When Kiambu Senior Principal Magistrate Ms.Stella Atambo embarked on reading the long awaited judgement of a convict who had been sentenced to death back in 2001, Tedium Rodger Leneni Mzungu stared in disbelief at her presumably with a silent prayer.
The courtroom was jammed to capacity by friends and his relatives who appeared tense and calm earlier when the court took a health break and postponed it to 2.30p.m.
The 43 year old man had appealed against the sentence on grounds that the sentence was excessive and punitive. He also averred that he had reformed and that he was remorseful to the public and the complainant whom he assaulted on the fateful day. “I have apologized to the public and the complainant and he forgave me” he told the court in his mitigation
“I am a changed person and the Football team club which I used to coach is ready to take me back so that I can continue working for them. I also pursued upholstery course and a counselling and trauma course while in prison which I want to use to change the lives of many young people out there” he told the court in his mitigation prior to the day of the Judgement.
His prayers had been answered.
“The appellant has furnished this court with documentary evidence from his former football club that they are willing to take him back as a coach. He has also learnt a lot of life skills while in prison which will help him and other people in the community and I would say the 19 years have not been wasted years as laymen will put it.
The magistrate summed up events that led to the accused being convicted and sentenced to death by Kiambu court in 2001.
However, looking at the period that the appeallant has been in jail, this court is of the opinion that he has learnt a lesson. “How old were you when you were convicted? The magistrate asked and he said he was 24 years. That means you are now 43, and this means you are now wiser and mature never to repeat the offence.
“Did you pray this morning when you woke up? Posed Ms Atambo with an assuring smile that confused the appellant and his relatives.
He responded and clarified to the court that he had even been converted and accepted to follow the lord after going to prison where he converted to Islamic faith and is now Jamal Rodgers.
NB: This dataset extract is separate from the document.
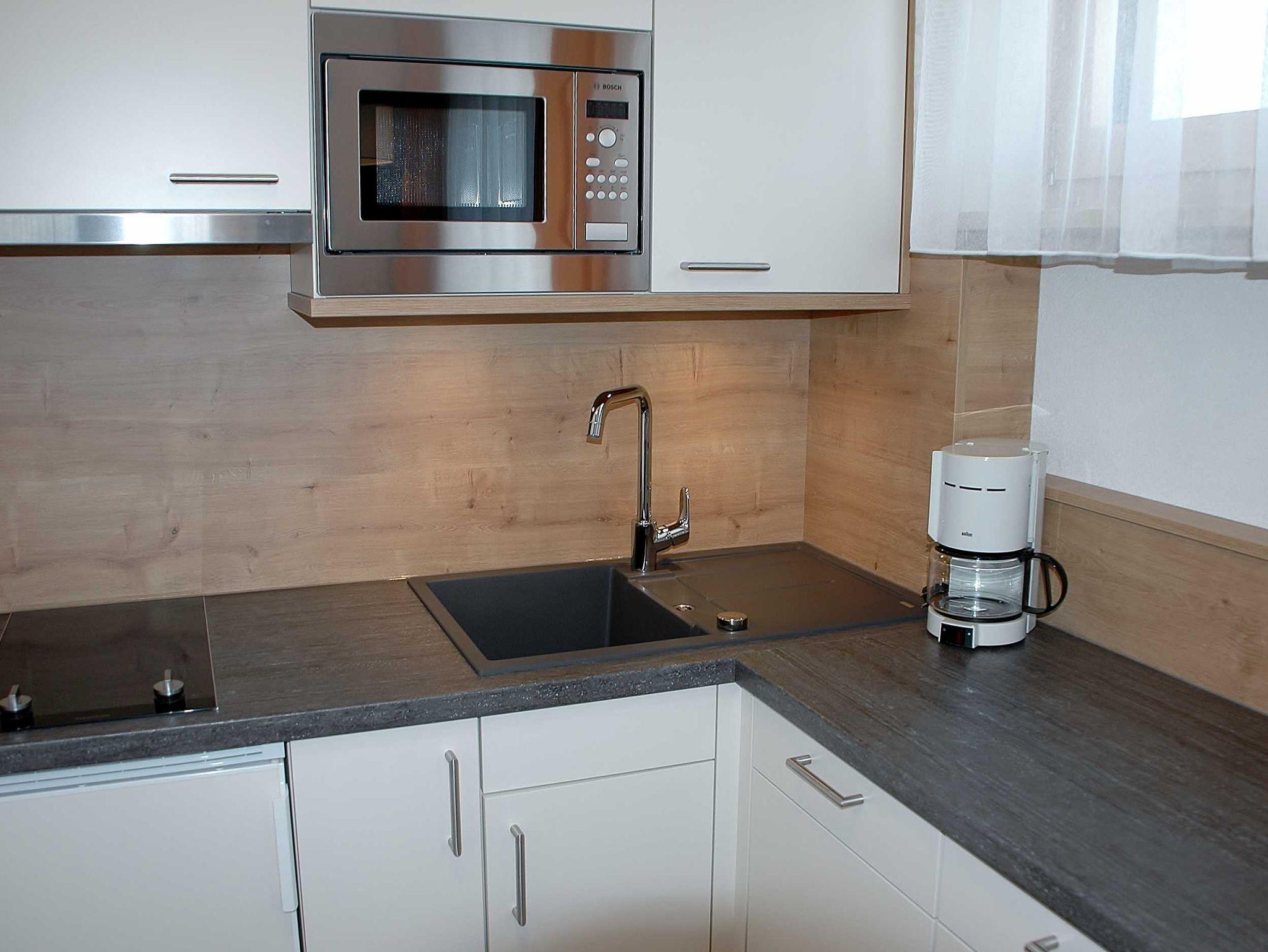 Helles Einraum-Appartement (ca. 30 m²) mit Morgensonne und Blick über Bach und Wiesen zum Neunerköpfle. Wohn-Schlafraum mit Doppelbetten, Sitz-und Essecke, Kochnische, Dusche/WC, Ostbalkon, TV/Radio, Telefon.

“You actually deserve to be given a second chance so that you can utilize the skills and experience gained while in prison to serve the public and more so the young people.
Pensive and his eyes glued on the magistrate, Rodger maintained his cool until the end of the Judgement which ended with an applause from his friends and relatives who waited eagerly. “The court had two options. Either to parole him or to have him continue serving the jail term”
Rodgers had jointly been charged with Peter Mwangi Kangethe with an offence of robbery with violence contrary to section 296(2) of the penal code.
Facts of the prosecution case are that on 4/7/2000 PW1 Peter Mburu had locked his house opposite Kiambu Law courts by his wife. He intended to find out who steals from his house as he had been a victim of thefts all of which occurred in mornings. The thieves appeared to have had a master key as they used to open the door.
On the material day, after being locked inside the house, he heard the main door being opened while he was in the bedroom. After a while, he opened the door and saw the duo. They had taken his television set and wrapped it with his baby’s blanket and placed it in a sack.
They had closed the main door. A struggle ensued for about 2 hours. The first accused ran out with the TV and the second accused who was armed with a Somali sword slashed him on the face. He chased them but could not go far as he was bleeding profusely. Members of the public gave chase which yielded in the apprehension of the first accused who was consequently handed over to the police. The second accused was arrested 2 days later and upon completion of the investigations, they were charged with the present offence.
The prosecution called 7 witnesses who buttressed the case to a conclusion that S.R.M Njuguna ruled that the evidence of the witnesses presented in court corroborated well with the evidence of PW 7 who conducted the identification parade involving the two accused.
The photographs of the TV and the stolen baby blanket were produced as exhibits.”
“The complainant had no problem identifying the 2 accused persons during the identification parade, and evidence against him is overwhelming. It is important to note that the first accused was more or less arrested on spot. The complainant received very serious injuries as a result of the robbery”.
While sentencing him, the court held that the prosecution had proved its case beyond reasonable doubt, as required by section 215 of the CPC.
The law relating to this offence is well stated. “If the offender is armed with any dangerous weapon or instrument, or is in company with one or more other person or persons or if at, immediately before or immediately after the time of robbery, he wounds, beats, strikes or uses any other personal violence to any person, he shall be sentenced to death in the manner authorized by the law. I therefore convict the two as charged. Delivered and signed in open court this 7/11/2001 in the presence of both accused persons.”
Upon being convicted to death, they were whisked away and started serving but appealed against the sentence twice. His co-accused was released in 2007 as Rodgers pursued his in a higher court.
Rodgers has been a beneficiary of the people who had been convicted and sentenced to death but had their cases being returned to court for re-sentencing after the constitutional changes that abolished the death sentence, thus commuting it to life sentence.
When he was jailed, he left behind an 8 year old boy who is now 27 years old and was among the relatives who jammed the court and his mother. The mother told KNA that she had been prayerful and was grateful that God had answered her prayers. “I know he has learnt a lesson and he shall never repeat the mistake” she added as she paced behind the Kiambu law court cells as his friends processed his release order.